Chapnews – Nasional – Kementerian Pekerjaan Umum (PU) tengah berpacu dengan waktu untuk menyelesaikan pembangunan 65 Sekolah Rakyat (SR) tahap 1C. Targetnya, fasilitas pendidikan ini siap digunakan pada awal tahun ajaran 2025/2026. Program SR merupakan bagian dari komitmen pemerintah untuk menyediakan akses pendidikan gratis dan berkualitas bagi anak-anak dari keluarga kurang mampu, sesuai arahan Presiden Prabowo Subianto.
Menteri PU, Dody Hanggodo, menyatakan pembangunan SR ini sebagai wujud nyata komitmen pemerintah dalam membangun sumber daya manusia unggul. "Berkolaborasi dengan Kementerian Sosial, Kementerian PU memastikan pembangunan fasilitas pendidikan ini cepat dan berkualitas agar segera dimanfaatkan pada tahun ajaran 2025/2026," tegasnya dalam keterangan tertulis, Sabtu (23/8).

Pembangunan SR tahap I terbagi tiga fase. Tahap 1A (63 lokasi) telah beroperasi sejak 14 Juli 2025, disusul tahap 1B (37 lokasi) yang fungsional sejak 31 Juli 2025. Tahap 1C, yang kini tengah dikebut penyelesaiannya, mencakup 65 lokasi. Total pembangunan tahap I mencapai 165 SR.
Dari 65 lokasi tahap 1C, 63 dibiayai APBN dan 2 lokasi lainnya menggunakan APBD. Totalnya, tahap 1C menyediakan 248 rombongan belajar (rombel) dengan kapasitas 6.190 siswa, meliputi jenjang SD, SMP, hingga SMA.
Dody memastikan pembangunan SR tahap 1C berjalan sesuai rencana dan menunjukkan progres signifikan. "Dari sisi konstruksi, progres fisik sangat positif. Ditargetkan, SR tahap 1C beroperasi awal September 2025," ujarnya. Beberapa lokasi bahkan telah mencapai progres lebih dari 90 persen, seperti BLK Subulussalam, BLK Bireuen, dan Gedung Eks SMP Unggul di Pidie Jaya, Aceh.

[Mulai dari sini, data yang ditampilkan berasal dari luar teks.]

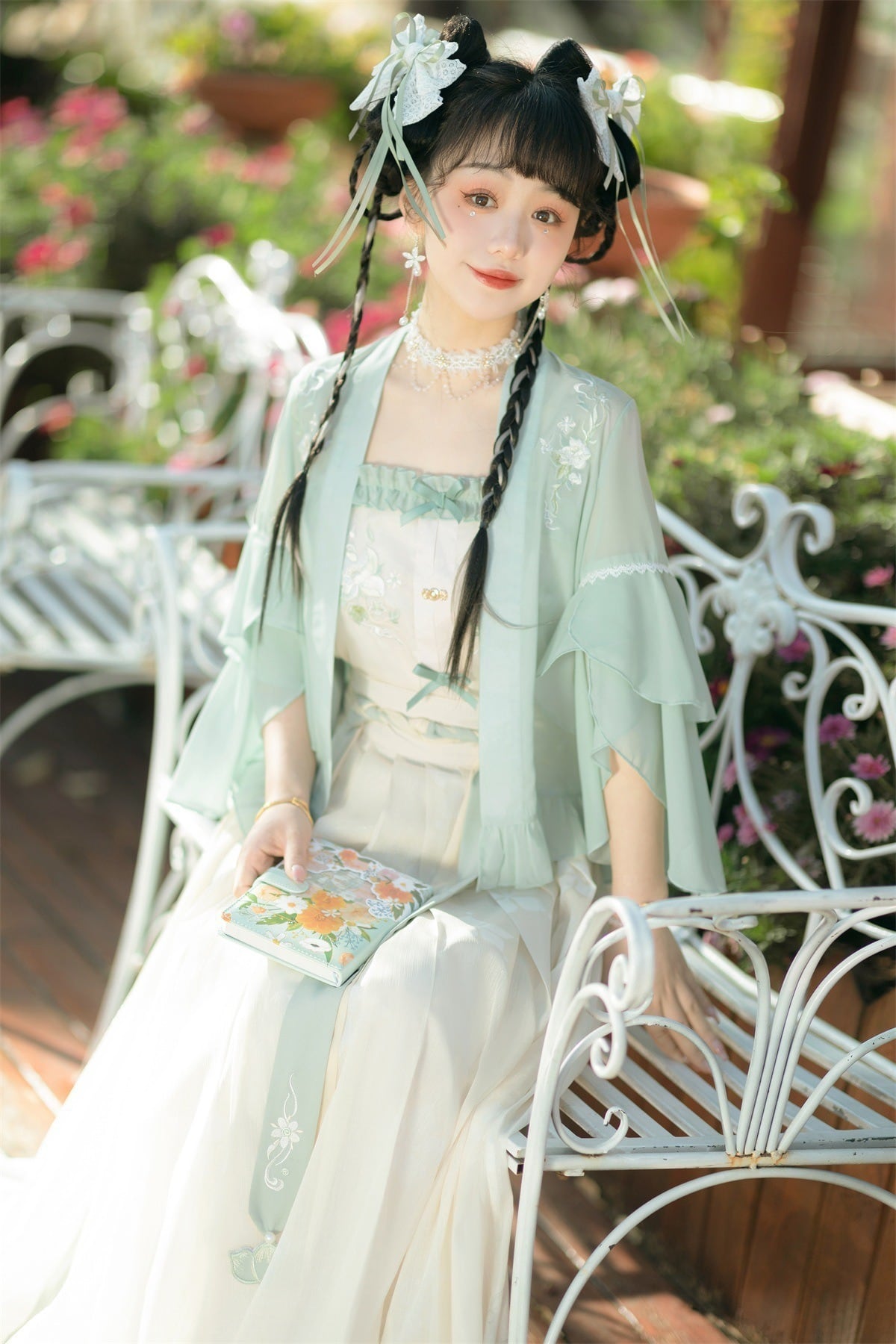 華やかで存在感のあるこのスリーピースは、イベントやパーティーにぴったりの一着です。透け感のあるデザインとフリル、刺繍が施されたアウターは、大人可愛いスタイルを演出します。スカート部分のフレアシルエットが脚を美しく見せ、自然な動きで魅了します。
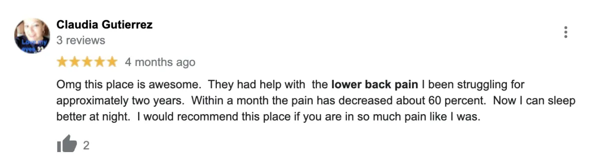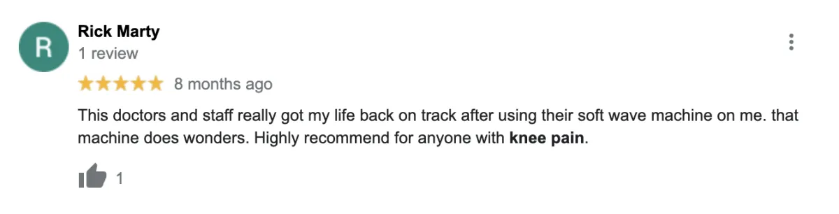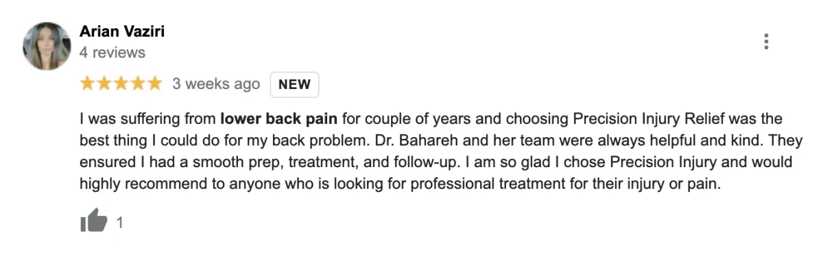 Disclaimer: Procedures and treatments performed by Precision Injury Relief have an inherent success (and failure) rate. Reviews, testimonials and content on this site should not be interpreted as a statement of efficacy of procedures and treatments performed by Precision Injury Relief for anyone else.
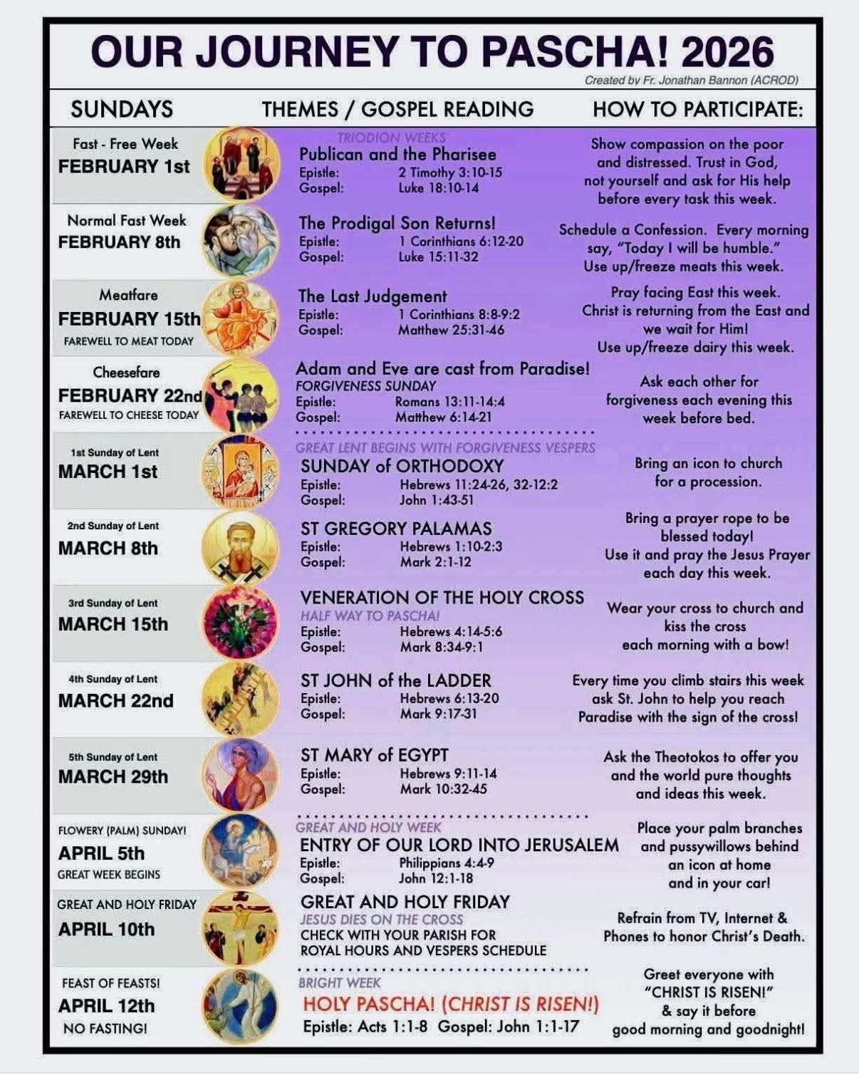 Four weeks of Preparation for the Journey leading up to the Beginning of Great Lent on Clean Monday, February 23

Lingkup pekerjaan tahap 1C meliputi renovasi ringan hingga sedang, termasuk perbaikan ruang kelas, asrama, laboratorium, ruang administrasi, pengecatan, instalasi listrik dan air, serta pengadaan meubelair. "Program Sekolah Rakyat diharapkan menjadi pilar penting pemerataan pendidikan dan pengentasan kemiskinan," pungkas Dody.